### Dataset records:

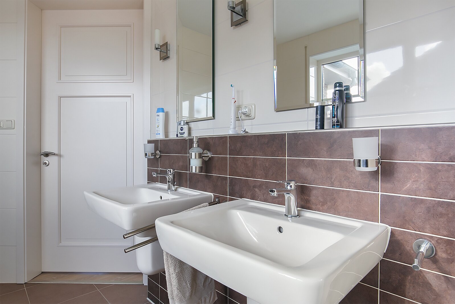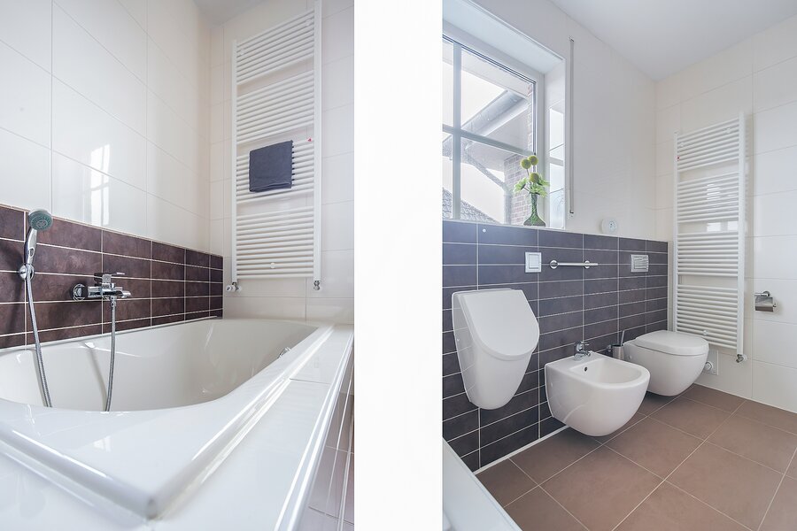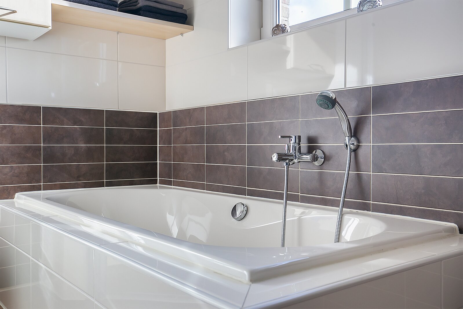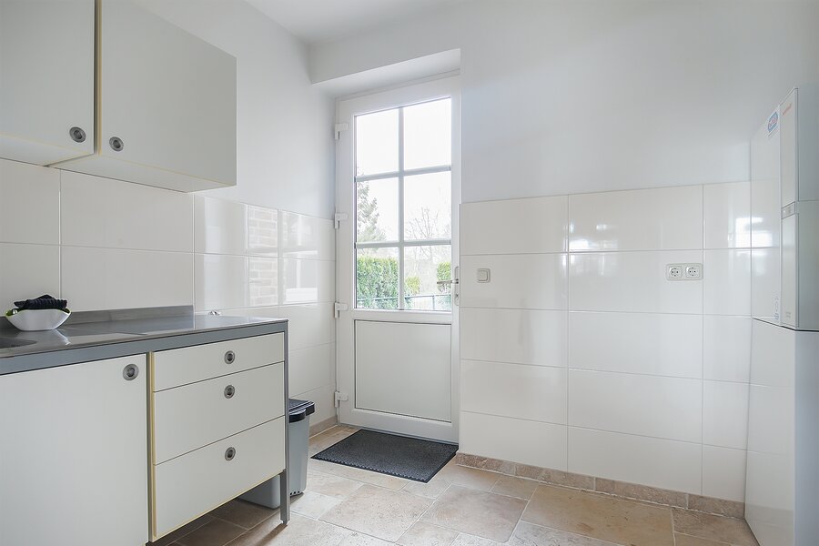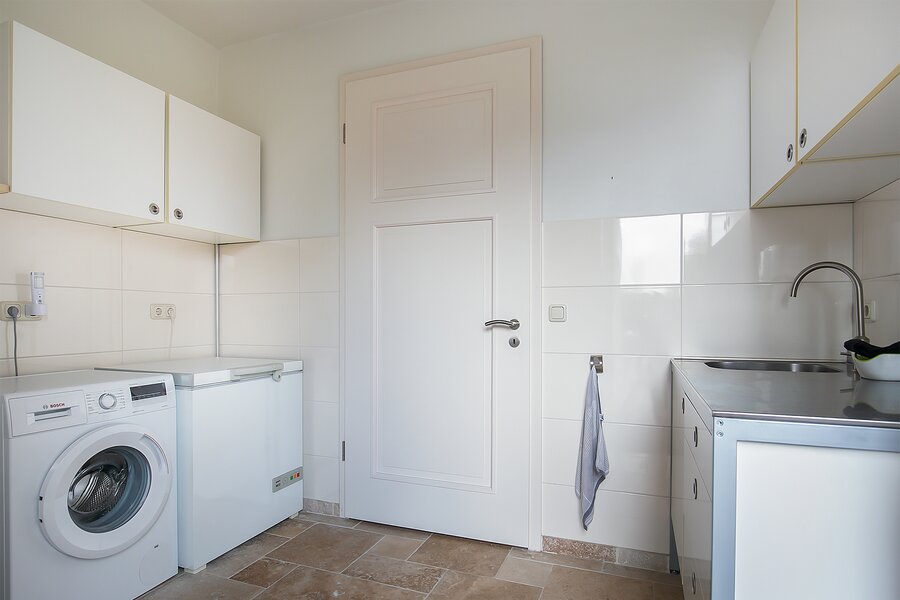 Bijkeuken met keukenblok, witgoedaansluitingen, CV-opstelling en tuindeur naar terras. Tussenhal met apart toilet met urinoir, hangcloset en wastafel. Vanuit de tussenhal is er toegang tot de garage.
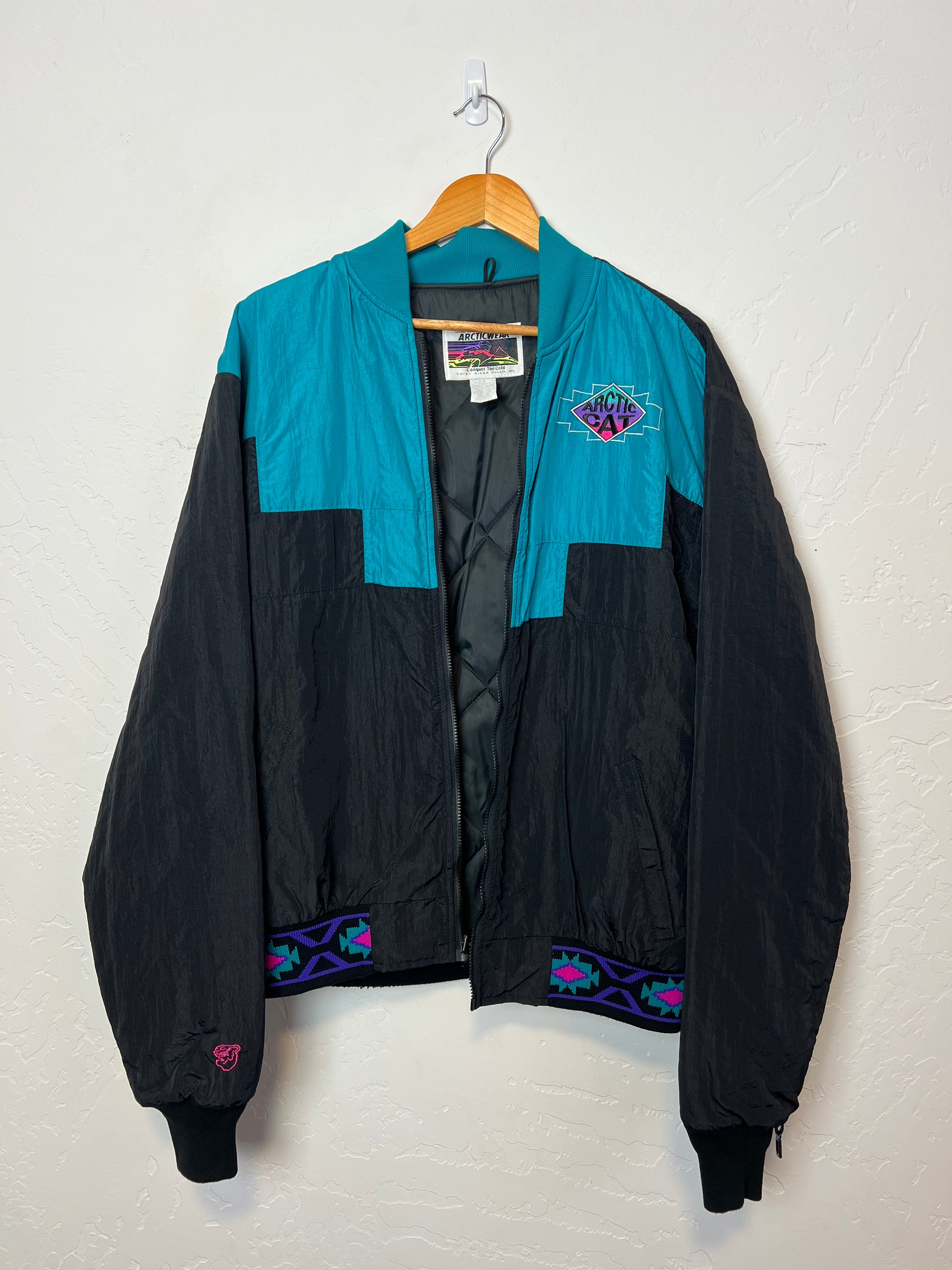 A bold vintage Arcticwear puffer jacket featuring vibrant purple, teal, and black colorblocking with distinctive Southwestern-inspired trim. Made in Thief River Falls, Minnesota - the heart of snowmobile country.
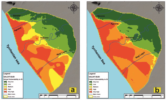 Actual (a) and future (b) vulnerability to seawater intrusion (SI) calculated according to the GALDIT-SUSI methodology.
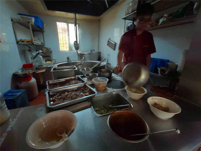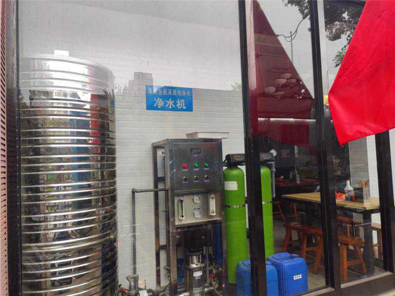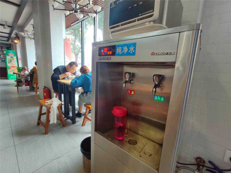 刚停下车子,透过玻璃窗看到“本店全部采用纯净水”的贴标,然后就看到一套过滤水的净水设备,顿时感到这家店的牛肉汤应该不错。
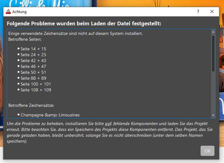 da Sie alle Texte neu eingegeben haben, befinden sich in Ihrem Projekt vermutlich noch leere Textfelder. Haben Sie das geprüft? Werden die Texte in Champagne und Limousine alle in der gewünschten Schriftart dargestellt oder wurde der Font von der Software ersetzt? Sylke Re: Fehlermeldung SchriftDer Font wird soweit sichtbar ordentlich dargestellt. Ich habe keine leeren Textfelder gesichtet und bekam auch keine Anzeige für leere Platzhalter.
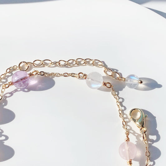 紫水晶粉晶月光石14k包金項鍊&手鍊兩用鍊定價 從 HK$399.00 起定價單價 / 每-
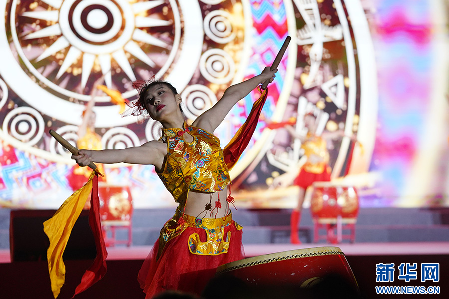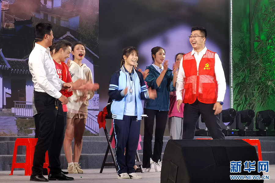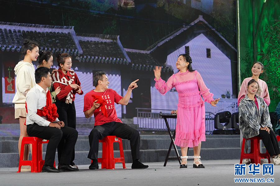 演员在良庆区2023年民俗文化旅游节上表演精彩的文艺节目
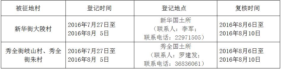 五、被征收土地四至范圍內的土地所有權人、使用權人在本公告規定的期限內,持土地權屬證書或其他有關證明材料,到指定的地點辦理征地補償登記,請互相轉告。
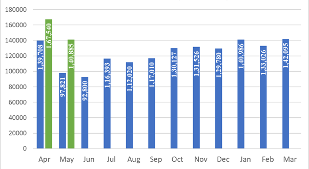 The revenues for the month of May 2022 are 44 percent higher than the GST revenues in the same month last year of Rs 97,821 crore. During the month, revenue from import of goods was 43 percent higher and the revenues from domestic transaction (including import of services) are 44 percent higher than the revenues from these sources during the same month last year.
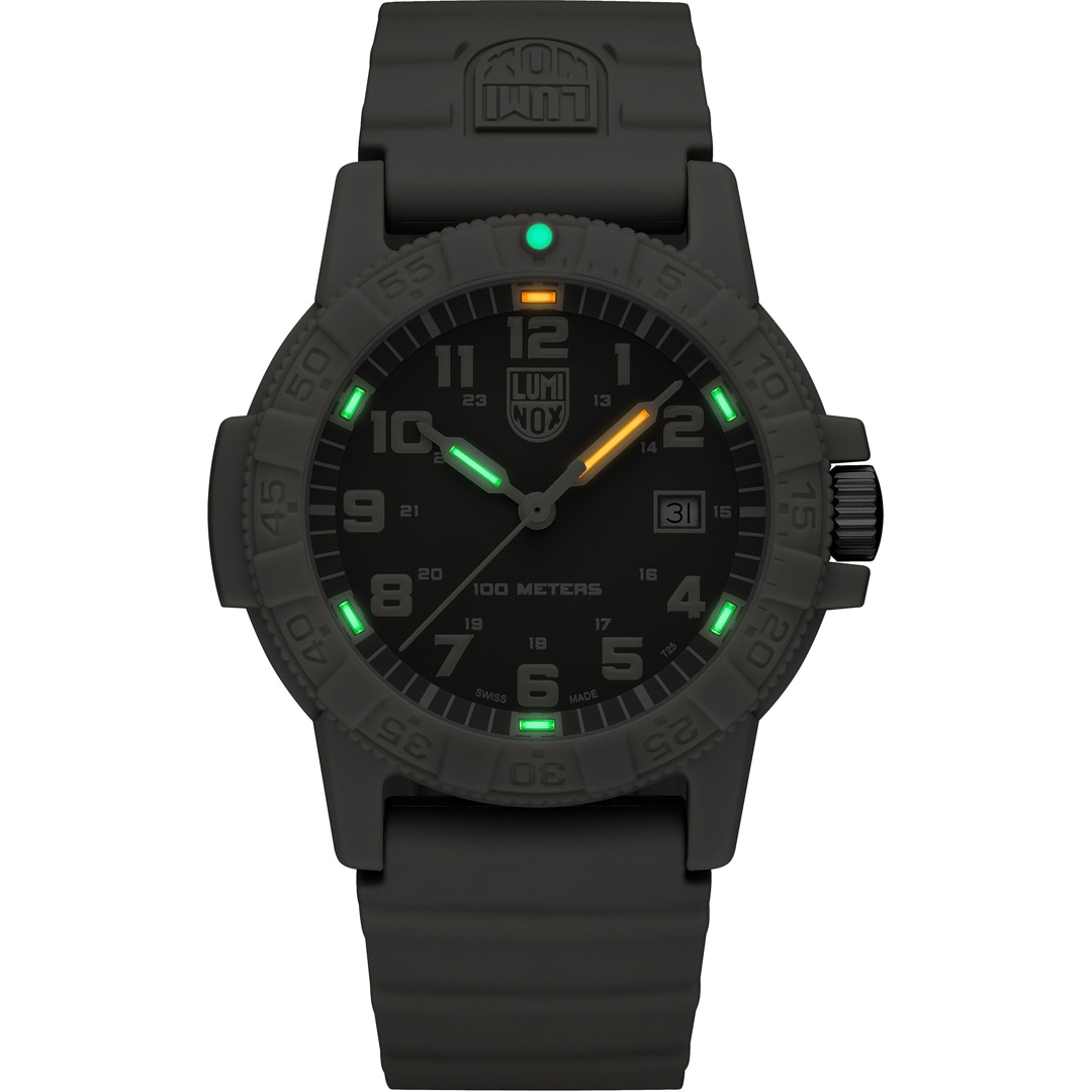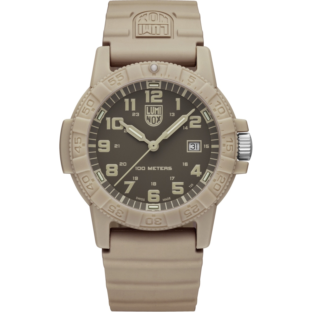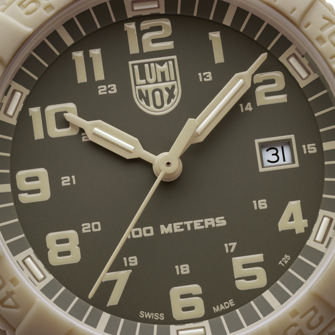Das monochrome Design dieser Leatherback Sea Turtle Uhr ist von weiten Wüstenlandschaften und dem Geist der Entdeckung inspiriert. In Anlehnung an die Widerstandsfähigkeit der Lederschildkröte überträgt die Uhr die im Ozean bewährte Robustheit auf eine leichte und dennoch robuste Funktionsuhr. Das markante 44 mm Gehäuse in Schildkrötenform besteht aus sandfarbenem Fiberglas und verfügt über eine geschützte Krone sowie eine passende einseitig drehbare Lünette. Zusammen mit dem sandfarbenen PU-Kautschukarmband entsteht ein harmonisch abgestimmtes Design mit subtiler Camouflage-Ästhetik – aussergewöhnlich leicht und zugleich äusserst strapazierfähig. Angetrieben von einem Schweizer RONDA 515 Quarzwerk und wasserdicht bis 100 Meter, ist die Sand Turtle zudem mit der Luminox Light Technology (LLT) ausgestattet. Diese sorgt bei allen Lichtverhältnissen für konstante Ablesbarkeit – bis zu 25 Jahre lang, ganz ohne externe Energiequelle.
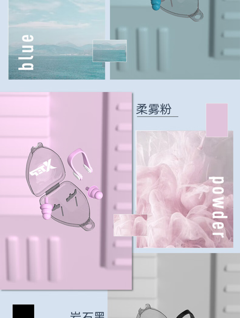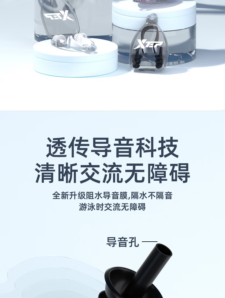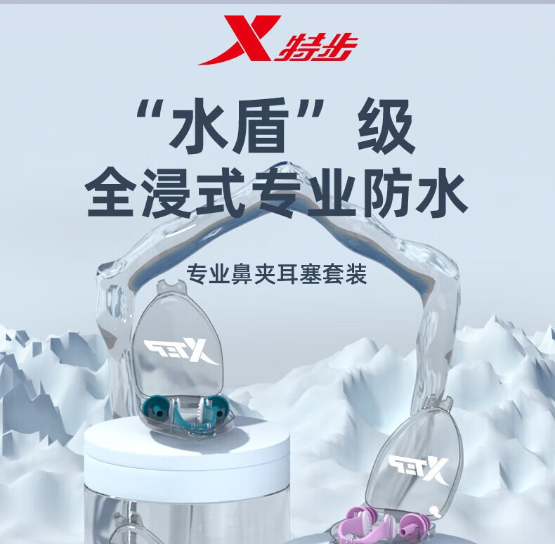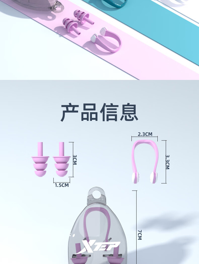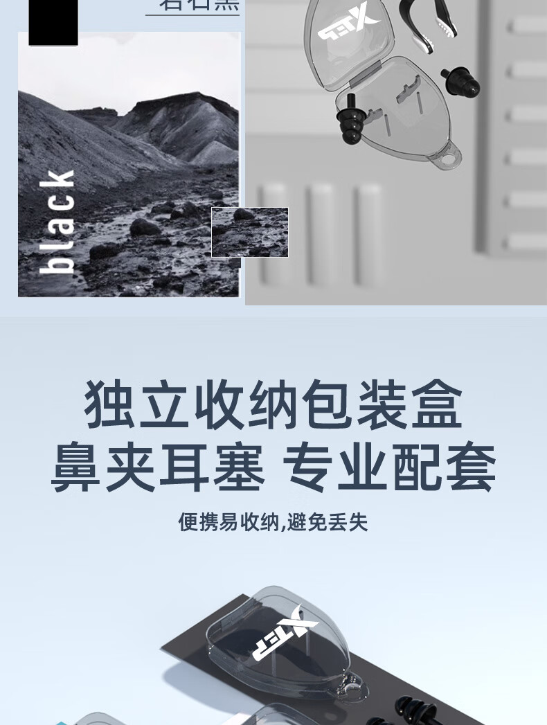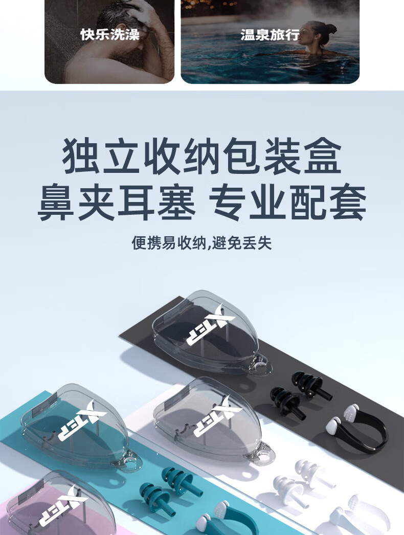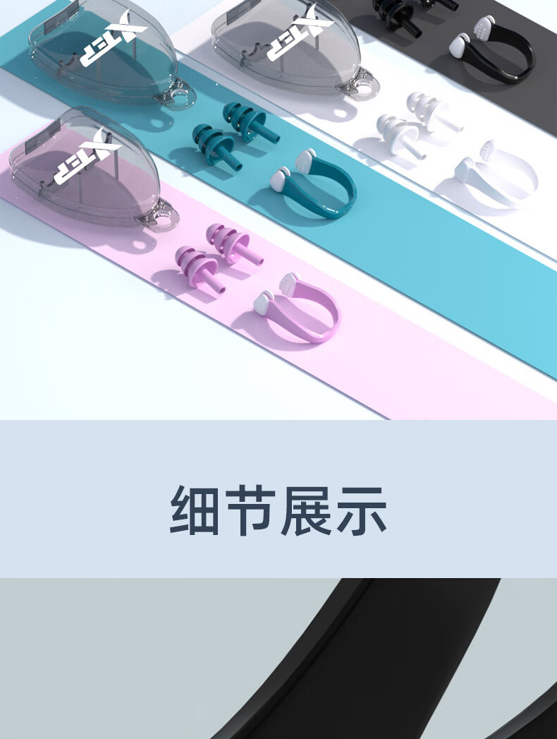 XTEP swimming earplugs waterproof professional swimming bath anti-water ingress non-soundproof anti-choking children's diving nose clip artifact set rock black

### Exercise description:
Give back exactly the lines above from the one with "A bold vintage" through the one with "五、被征收土地四至范圍內的土", both included. Pictures don't belong in the copy.

### Completed exercise:
 A bold vintage Arcticwear puffer jacket featuring vibrant purple, teal, and black colorblocking with distinctive Southwestern-inspired trim. Made in Thief River Falls, Minnesota - the heart of snowmobile country.
 Actual (a) and future (b) vulnerability to seawater intrusion (SI) calculated according to the GALDIT-SUSI methodology.
 刚停下车子,透过玻璃窗看到“本店全部采用纯净水”的贴标,然后就看到一套过滤水的净水设备,顿时感到这家店的牛肉汤应该不错。
 da Sie alle Texte neu eingegeben haben, befinden sich in Ihrem Projekt vermutlich noch leere Textfelder. Haben Sie das geprüft? Werden die Texte in Champagne und Limousine alle in der gewünschten Schriftart dargestellt oder wurde der Font von der Software ersetzt? Sylke Re: Fehlermeldung SchriftDer Font wird soweit sichtbar ordentlich dargestellt. Ich habe keine leeren Textfelder gesichtet und bekam auch keine Anzeige für leere Platzhalter.
 紫水晶粉晶月光石14k包金項鍊&手鍊兩用鍊定價 從 HK$399.00 起定價單價 / 每-
 演员在良庆区2023年民俗文化旅游节上表演精彩的文艺节目
 五、被征收土地四至范圍內的土地所有權人、使用權人在本公告規定的期限內,持土地權屬證書或其他有關證明材料,到指定的地點辦理征地補償登記,請互相轉告。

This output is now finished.